Assignment:
Make an exact copy, from the records below, of the lines from the line containing "英文片名:Hello! Project 2013" to the line containing "Na snímke Milan", both lines included, excluding pictures.

Data provided:
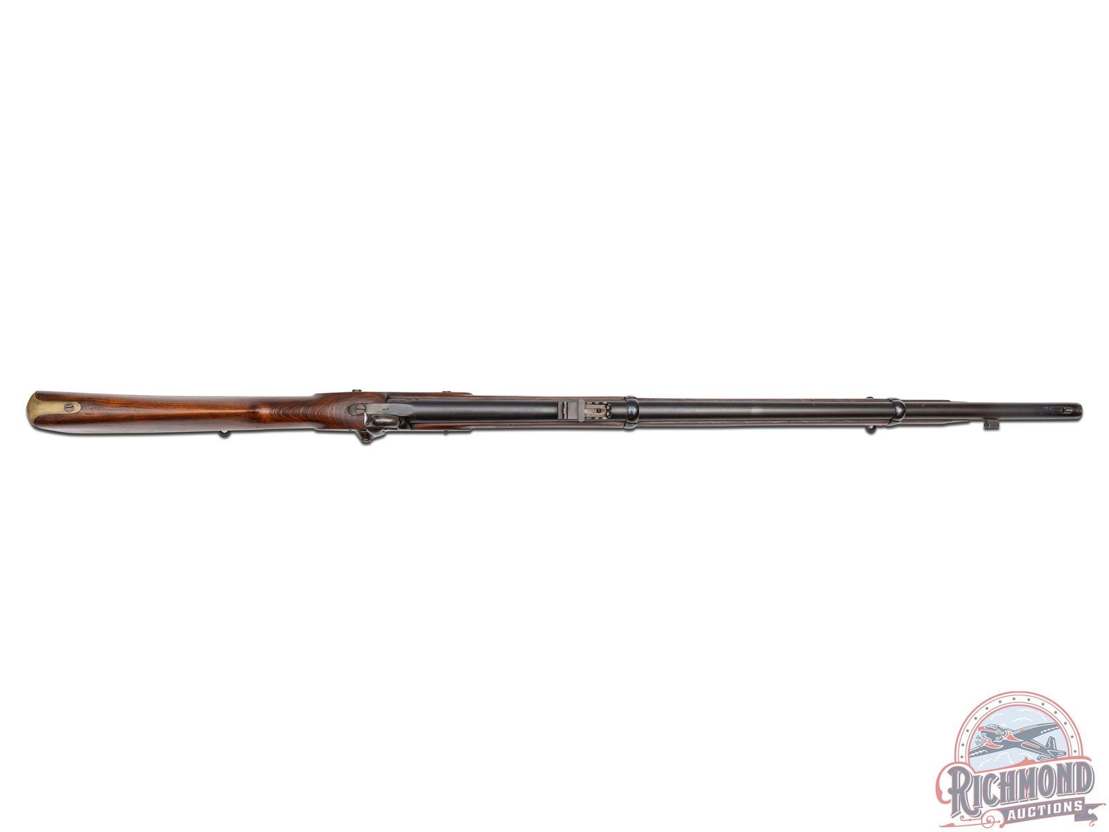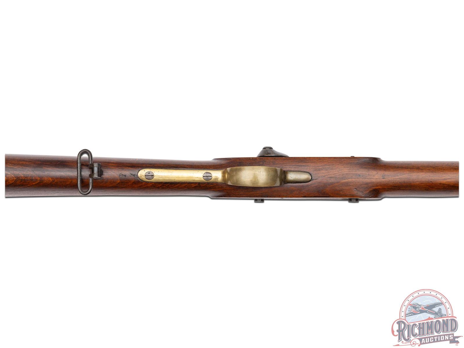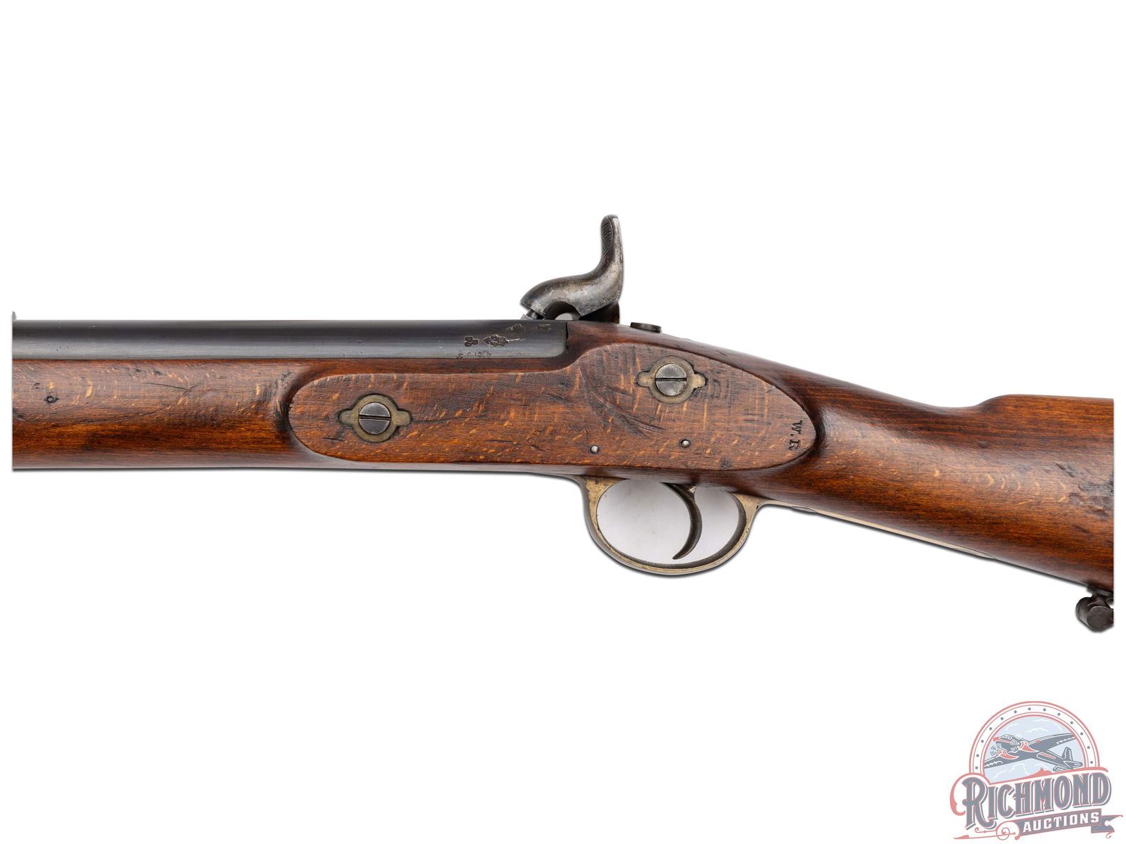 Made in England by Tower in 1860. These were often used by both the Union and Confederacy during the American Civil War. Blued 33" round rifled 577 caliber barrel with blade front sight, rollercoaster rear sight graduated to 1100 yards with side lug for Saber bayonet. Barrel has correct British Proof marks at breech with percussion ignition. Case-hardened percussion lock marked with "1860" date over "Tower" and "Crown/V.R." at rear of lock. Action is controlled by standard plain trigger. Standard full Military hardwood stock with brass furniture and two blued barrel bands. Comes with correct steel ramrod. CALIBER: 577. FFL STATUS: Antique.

==

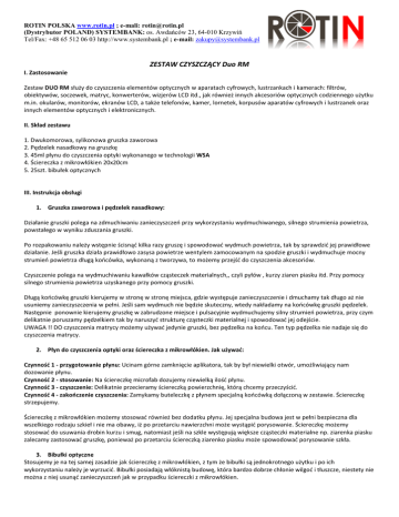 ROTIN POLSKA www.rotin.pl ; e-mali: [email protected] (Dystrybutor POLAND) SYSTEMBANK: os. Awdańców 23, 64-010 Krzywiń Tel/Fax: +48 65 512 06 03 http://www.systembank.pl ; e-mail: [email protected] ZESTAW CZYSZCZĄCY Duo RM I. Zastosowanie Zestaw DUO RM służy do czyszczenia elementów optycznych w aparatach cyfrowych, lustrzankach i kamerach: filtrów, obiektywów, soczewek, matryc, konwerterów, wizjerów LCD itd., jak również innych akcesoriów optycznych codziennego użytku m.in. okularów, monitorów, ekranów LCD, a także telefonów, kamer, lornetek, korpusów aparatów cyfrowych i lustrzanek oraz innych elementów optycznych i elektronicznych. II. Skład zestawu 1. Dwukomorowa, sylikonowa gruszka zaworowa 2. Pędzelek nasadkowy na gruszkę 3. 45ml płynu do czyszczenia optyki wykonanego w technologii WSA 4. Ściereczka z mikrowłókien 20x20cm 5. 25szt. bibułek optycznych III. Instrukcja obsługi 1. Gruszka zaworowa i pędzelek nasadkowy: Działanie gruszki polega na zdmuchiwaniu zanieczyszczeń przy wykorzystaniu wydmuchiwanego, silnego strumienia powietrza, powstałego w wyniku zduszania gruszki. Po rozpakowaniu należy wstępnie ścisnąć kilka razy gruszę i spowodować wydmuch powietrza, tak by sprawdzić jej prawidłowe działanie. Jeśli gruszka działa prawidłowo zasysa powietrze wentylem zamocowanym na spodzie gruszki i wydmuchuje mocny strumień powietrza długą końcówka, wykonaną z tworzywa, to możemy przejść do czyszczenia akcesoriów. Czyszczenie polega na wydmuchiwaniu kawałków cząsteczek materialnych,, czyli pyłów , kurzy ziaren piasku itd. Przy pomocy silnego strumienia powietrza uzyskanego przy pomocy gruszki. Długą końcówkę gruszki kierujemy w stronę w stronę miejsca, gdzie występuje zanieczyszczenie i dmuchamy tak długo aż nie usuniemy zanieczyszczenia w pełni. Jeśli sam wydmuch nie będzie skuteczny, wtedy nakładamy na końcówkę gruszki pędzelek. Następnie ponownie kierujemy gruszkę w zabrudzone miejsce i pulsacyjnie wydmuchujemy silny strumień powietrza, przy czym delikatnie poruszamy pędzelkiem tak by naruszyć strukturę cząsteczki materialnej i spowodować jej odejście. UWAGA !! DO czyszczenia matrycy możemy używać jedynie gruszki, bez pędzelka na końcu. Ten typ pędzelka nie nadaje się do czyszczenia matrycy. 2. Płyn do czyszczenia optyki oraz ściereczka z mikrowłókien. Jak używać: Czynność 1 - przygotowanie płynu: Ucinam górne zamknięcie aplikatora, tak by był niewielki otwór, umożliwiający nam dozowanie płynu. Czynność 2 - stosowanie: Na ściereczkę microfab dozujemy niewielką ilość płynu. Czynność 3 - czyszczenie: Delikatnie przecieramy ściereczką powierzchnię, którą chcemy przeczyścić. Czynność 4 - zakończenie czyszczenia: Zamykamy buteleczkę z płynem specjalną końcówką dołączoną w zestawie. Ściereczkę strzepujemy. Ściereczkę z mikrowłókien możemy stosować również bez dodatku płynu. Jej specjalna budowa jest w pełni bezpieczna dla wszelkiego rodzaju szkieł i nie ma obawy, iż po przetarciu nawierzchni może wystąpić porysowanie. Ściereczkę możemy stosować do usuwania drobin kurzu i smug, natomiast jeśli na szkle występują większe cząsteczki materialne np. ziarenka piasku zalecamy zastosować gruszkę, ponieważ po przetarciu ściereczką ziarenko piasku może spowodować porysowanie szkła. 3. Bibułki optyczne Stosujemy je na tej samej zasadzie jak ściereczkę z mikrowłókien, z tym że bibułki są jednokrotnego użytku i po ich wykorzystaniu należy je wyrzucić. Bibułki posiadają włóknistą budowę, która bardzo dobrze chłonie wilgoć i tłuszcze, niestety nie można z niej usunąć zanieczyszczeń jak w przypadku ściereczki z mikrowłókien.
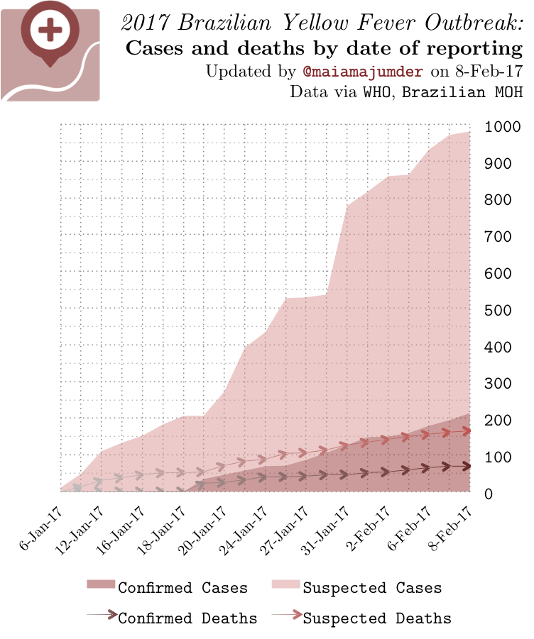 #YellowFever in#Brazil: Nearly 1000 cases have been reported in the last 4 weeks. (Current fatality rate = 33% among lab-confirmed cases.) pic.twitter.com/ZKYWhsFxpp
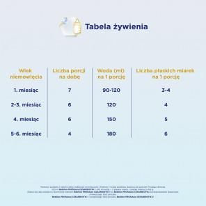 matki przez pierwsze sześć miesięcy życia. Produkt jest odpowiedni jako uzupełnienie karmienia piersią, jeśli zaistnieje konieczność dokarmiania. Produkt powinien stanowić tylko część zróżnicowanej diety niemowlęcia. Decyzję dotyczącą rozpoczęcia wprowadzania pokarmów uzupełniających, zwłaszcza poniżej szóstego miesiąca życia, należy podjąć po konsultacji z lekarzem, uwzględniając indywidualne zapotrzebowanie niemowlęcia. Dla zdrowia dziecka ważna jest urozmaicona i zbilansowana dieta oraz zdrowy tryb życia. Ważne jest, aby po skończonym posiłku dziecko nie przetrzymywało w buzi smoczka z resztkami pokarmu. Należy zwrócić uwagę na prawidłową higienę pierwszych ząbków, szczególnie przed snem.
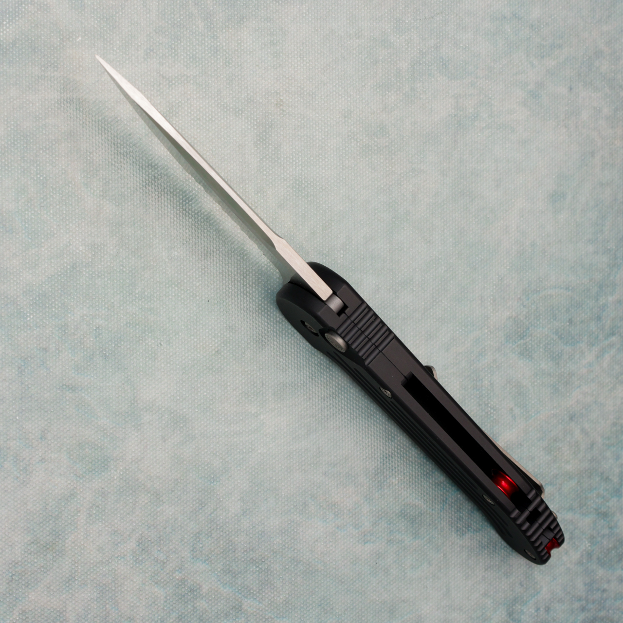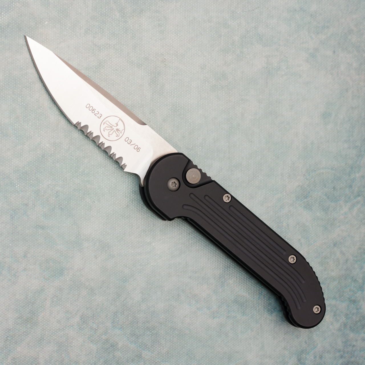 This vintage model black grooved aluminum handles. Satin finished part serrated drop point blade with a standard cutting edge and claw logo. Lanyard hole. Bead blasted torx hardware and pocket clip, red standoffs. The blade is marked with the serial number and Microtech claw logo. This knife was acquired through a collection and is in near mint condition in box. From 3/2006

* * *

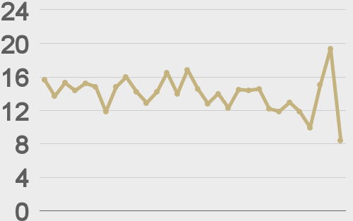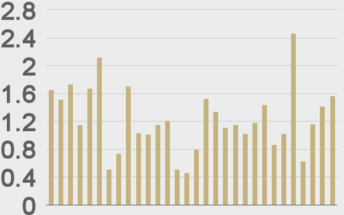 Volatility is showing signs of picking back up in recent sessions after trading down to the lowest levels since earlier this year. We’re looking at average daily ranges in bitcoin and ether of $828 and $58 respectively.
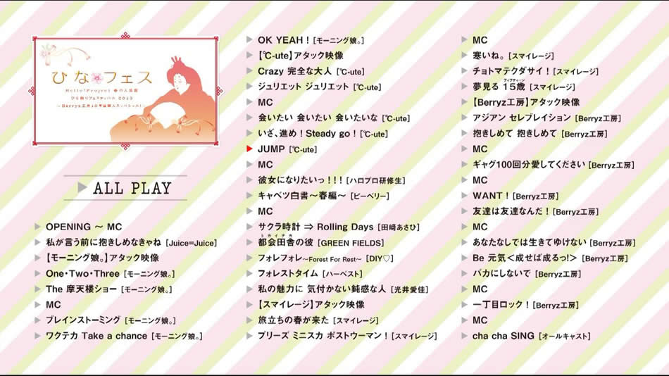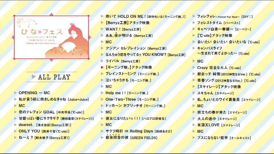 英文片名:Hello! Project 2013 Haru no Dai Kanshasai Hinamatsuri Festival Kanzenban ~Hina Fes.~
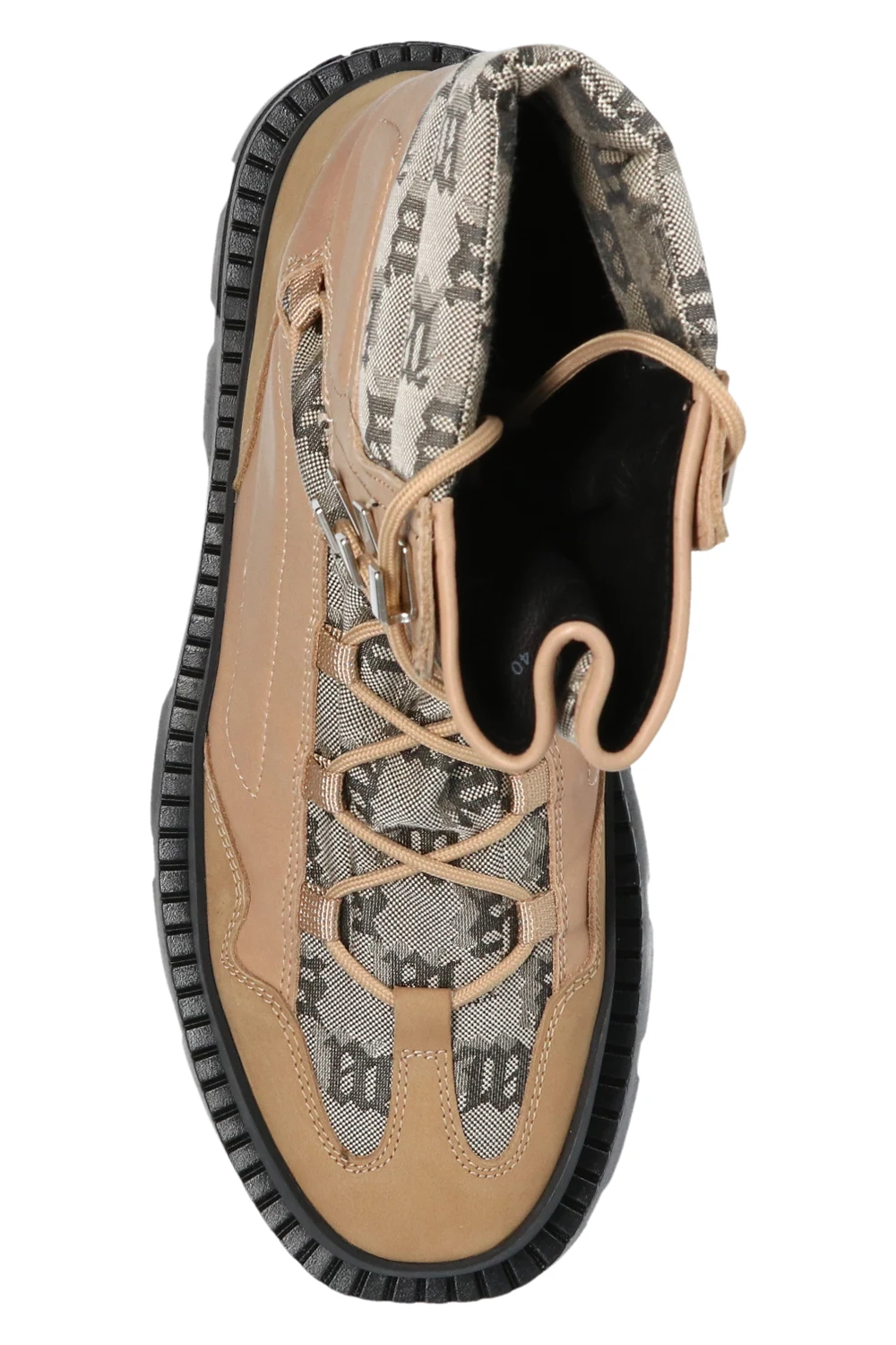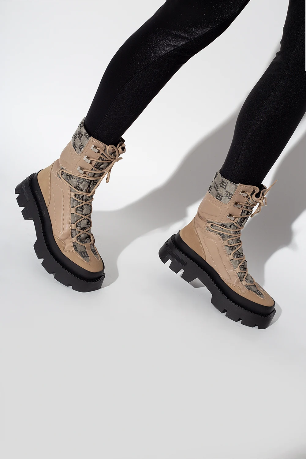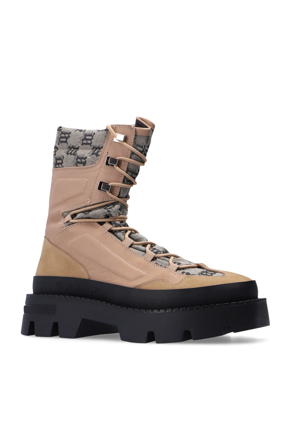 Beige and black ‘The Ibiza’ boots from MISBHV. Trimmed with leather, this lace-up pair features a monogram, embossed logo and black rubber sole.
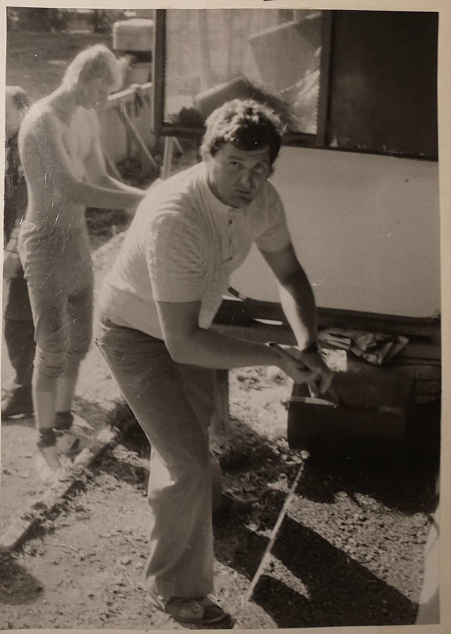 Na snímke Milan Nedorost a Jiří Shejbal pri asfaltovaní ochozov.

Output:
 英文片名:Hello! Project 2013 Haru no Dai Kanshasai Hinamatsuri Festival Kanzenban ~Hina Fes.~
 Beige and black ‘The Ibiza’ boots from MISBHV. Trimmed with leather, this lace-up pair features a monogram, embossed logo and black rubber sole.
 Na snímke Milan Nedorost a Jiří Shejbal pri asfaltovaní ochozov.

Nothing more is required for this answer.